- WORK INSTRUCTIONS: Leave the pictures out. Return all other data exactly.

- SUPPLIED INFORMATION:
--- --- ---
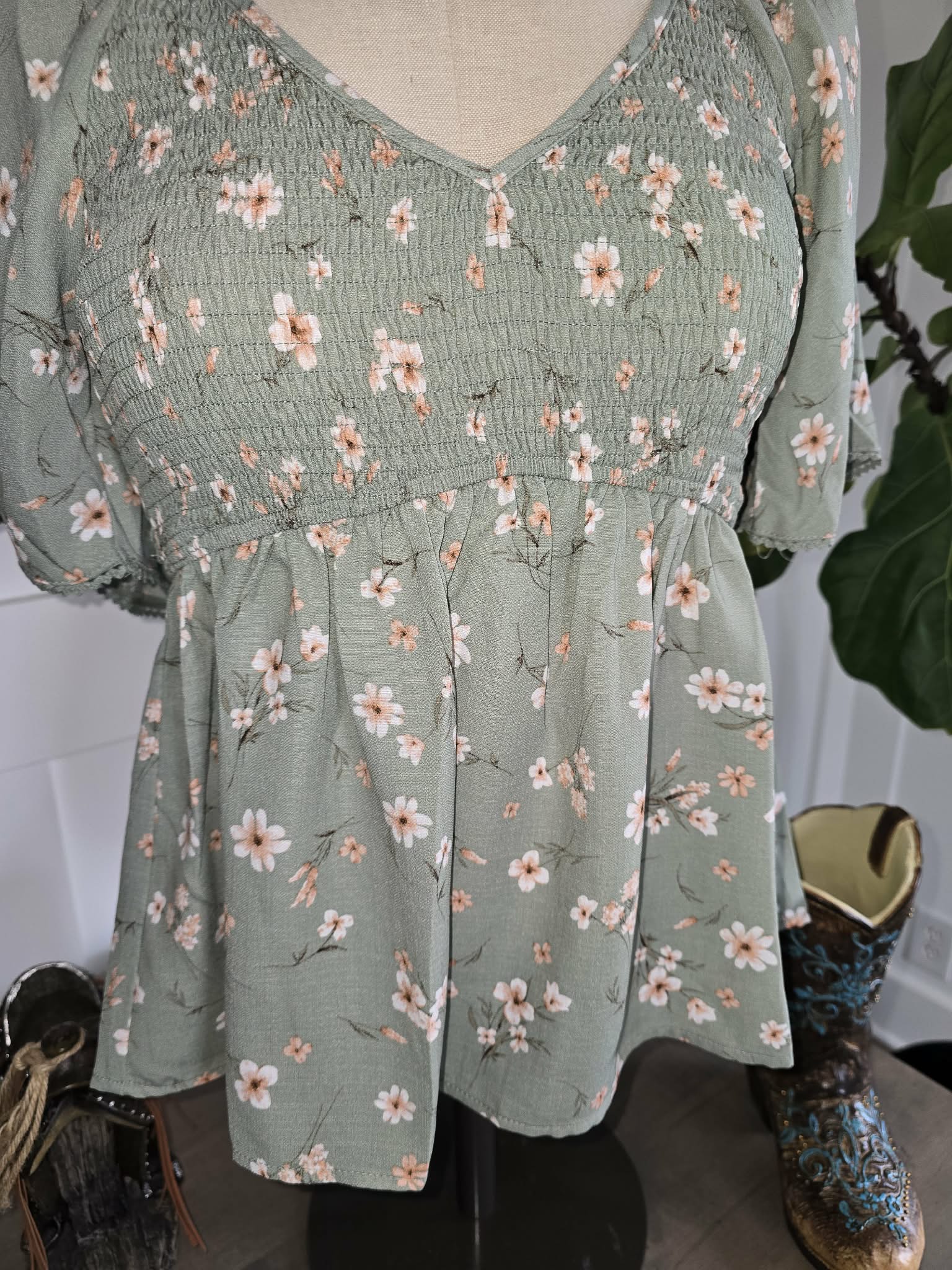Floral printed V-neck peplum style top with flutter sleeves. Hits right at the waistline. True to size
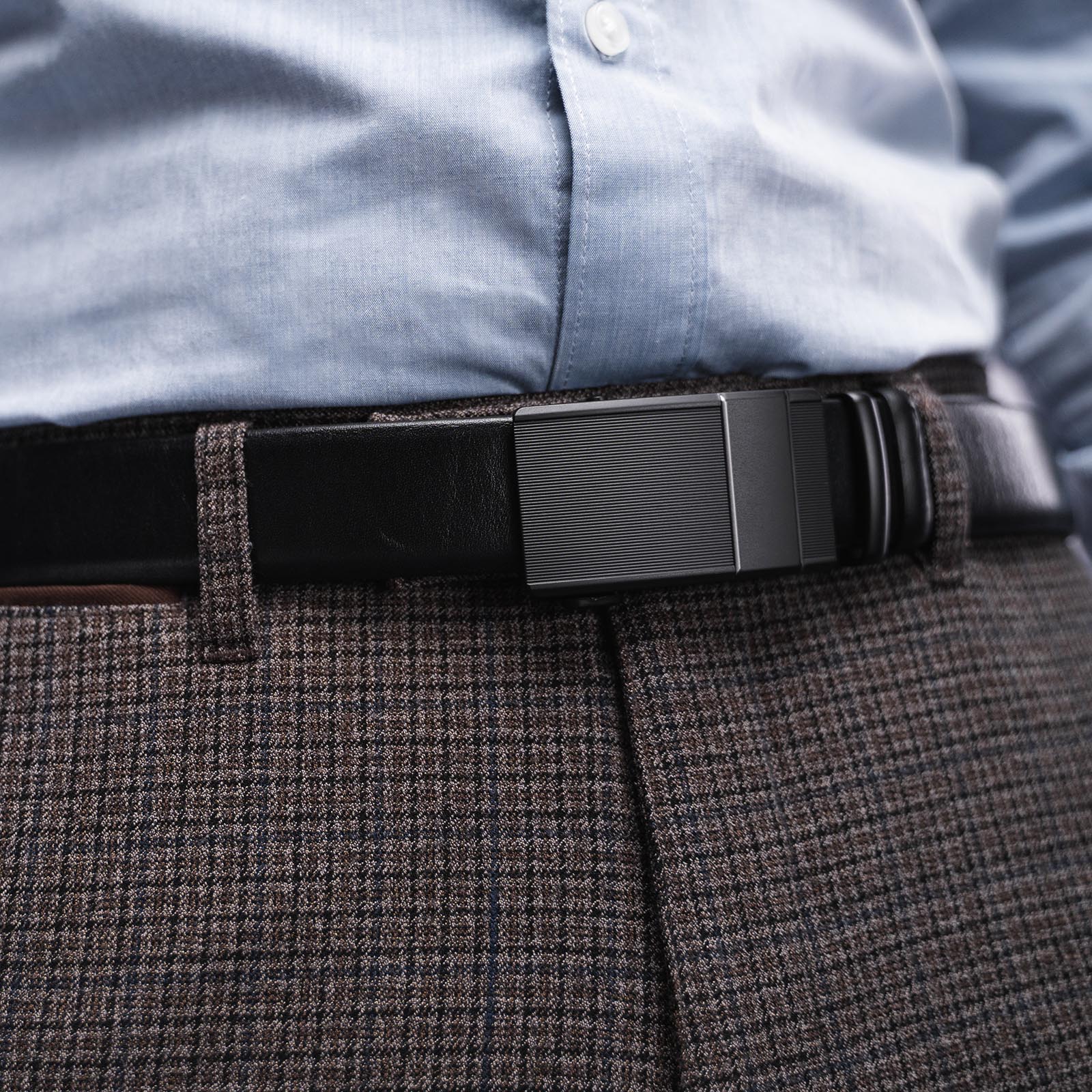 Металлическая пряжка — автоматическая. Специальный механизм позволяет отрегулировать ремень, ослабив или затянув его с точностью до нескольких миллиметров. Пряжка расстегивается и застегивается одним движением, но при этом прочно фиксирует ремень.
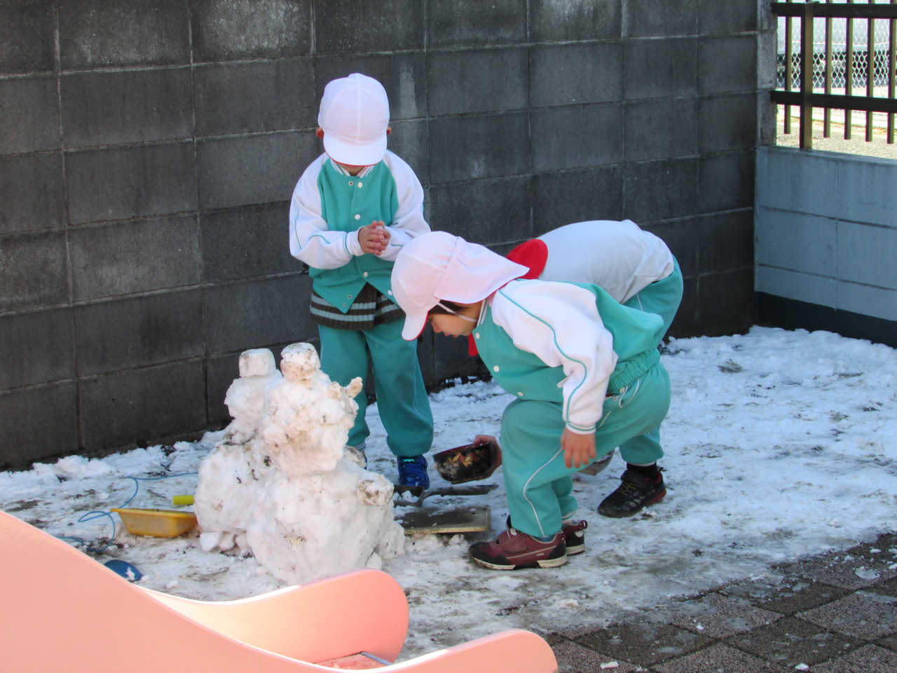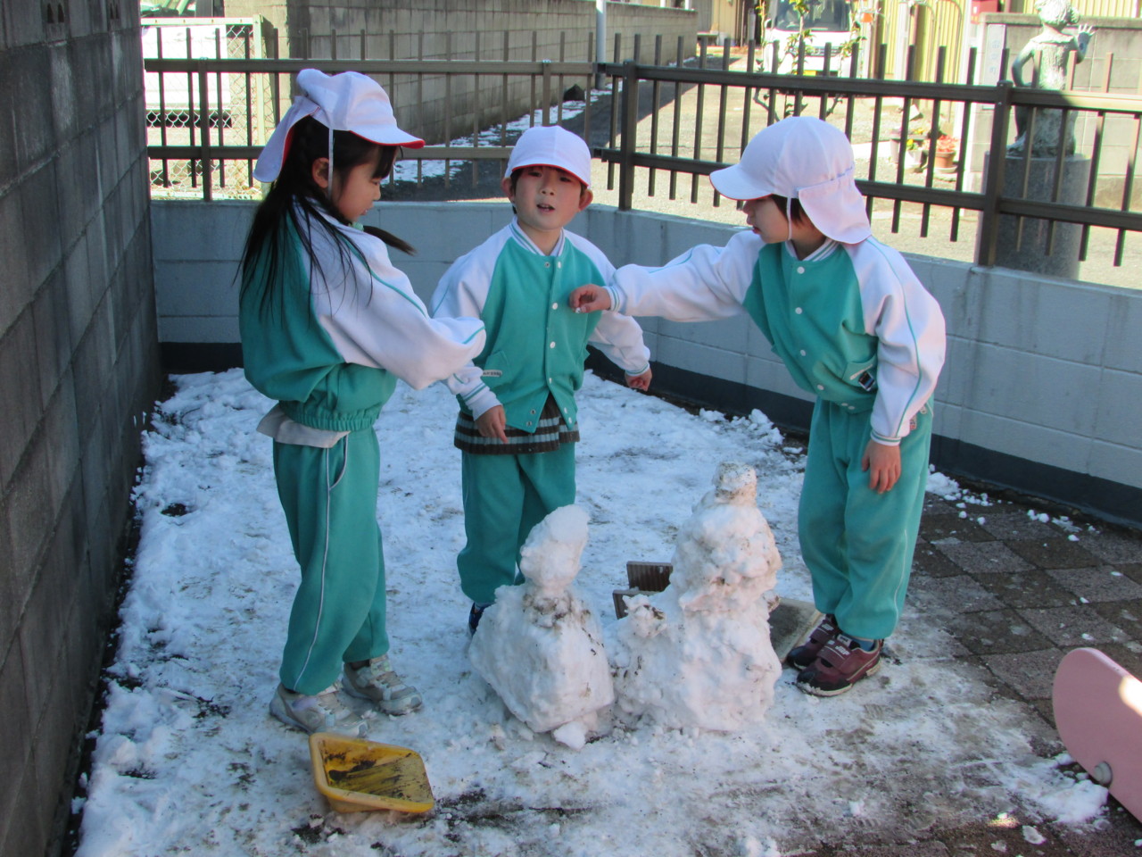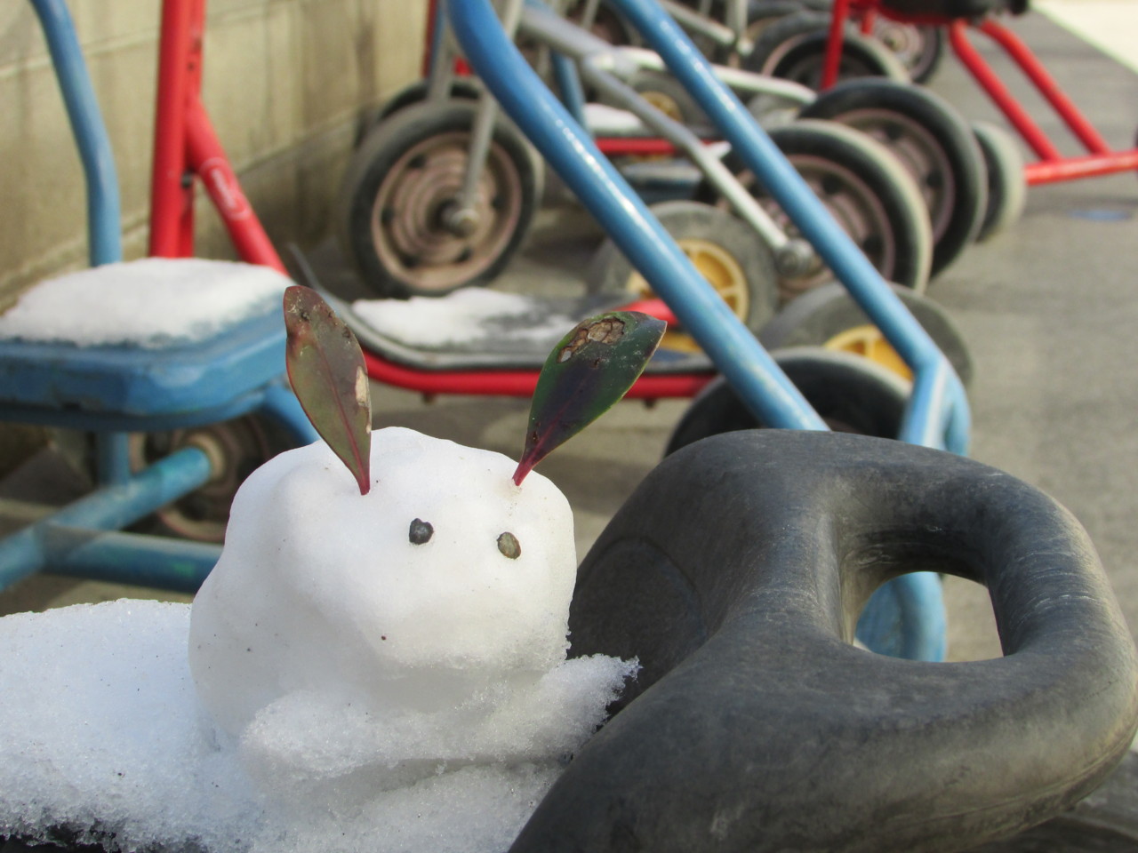 土~日曜日(7~8日)に降った雪が園庭に残っていました
--- --- ---
- EXPECTED OUTPUT:
Floral printed V-neck peplum style top with flutter sleeves. Hits right at the waistline. True to size
 Металлическая пряжка — автоматическая. Специальный механизм позволяет отрегулировать ремень, ослабив или затянув его с точностью до нескольких миллиметров. Пряжка расстегивается и застегивается одним движением, но при этом прочно фиксирует ремень.
 土~日曜日(7~8日)に降った雪が園庭に残っていました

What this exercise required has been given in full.